Plus ça change, plus c’est pareil : Depuis presque cinq ans, j’ai été en deuil. Tu me manques tellement. Et bien que souvent caché, je suis à jamais affligé. Mais pourtant le monde continue, quoique pas tout à fait comme c’était.

Je suis reconnaissant de ta présence dans ma vie, à la fois au passé et au présent. De temps en temps, je me souviens à ton esprit et moral, et alors que je ne sache pas toujours comment m’y porte, je m’y tienne chèrement néanmoins.

Tant s’est passé, et même si je suis toujours la personne que tu as connu, je suis également changé pour le mieux ; évidemment, bien que tu ne l’aies peut-être pas su, tu as vraiment contribué à ce que cela se produise.

Et donc, je te souhaite une trentième heureuse ! Bon anniversaire, mon ami.

* * *

“L’eep!” Once again, it’s 27 November.

The more things change, the more they stay the same: For almost five years, I’ve been mourning. I miss you so much. And while it’s often hidden, I am forever grieving. Yet the world goes on, though not quite as it was.

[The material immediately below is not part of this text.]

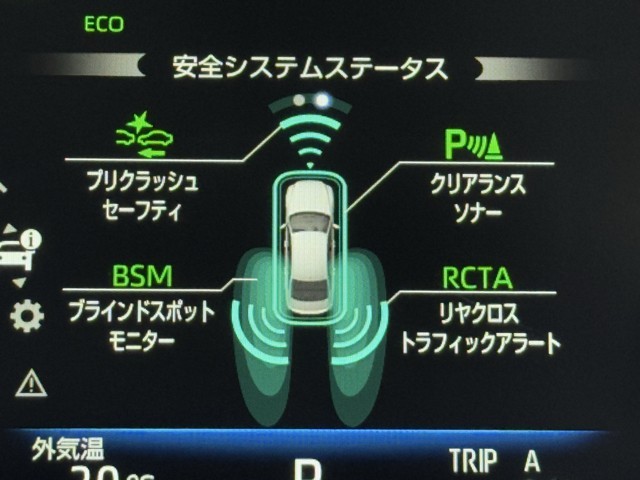 車線変更時などに、ドアミラーでは確認しにくい後側方エリア(ブラインドスポット)に存在する車両をレーダーで検知。警告サインをドアミラー等に表示することで、運転者に注意喚起する機能。
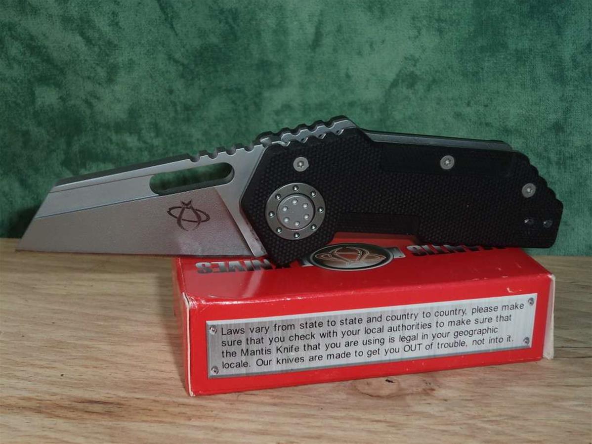 Couteau Mantis Pit Boss pliant - Longueur fermé 8.89cm - Longueur de lame 6.03cm - Lame en acier CPM-440V - Lame type Sheepsfoot blade - Epaisseur de lame 5mm - Platines du manche en acier - Plaquettes en G-10 - Ouverture d'une main - Système de sécurité - Clip

I am grateful for your presence in my life, both in the past and in the present. Every now and then, I remember your spirit and optimism, and while I don’t always know how to carry them with me, I hold them dearly nevertheless.

So much has happened, and even though I’m still the person you knew, I’m also changed for the better; of course, though you may not have known it, you truly helped to make it happen.

And so I wish you a happy thirtieth! Happy birthday, my friend.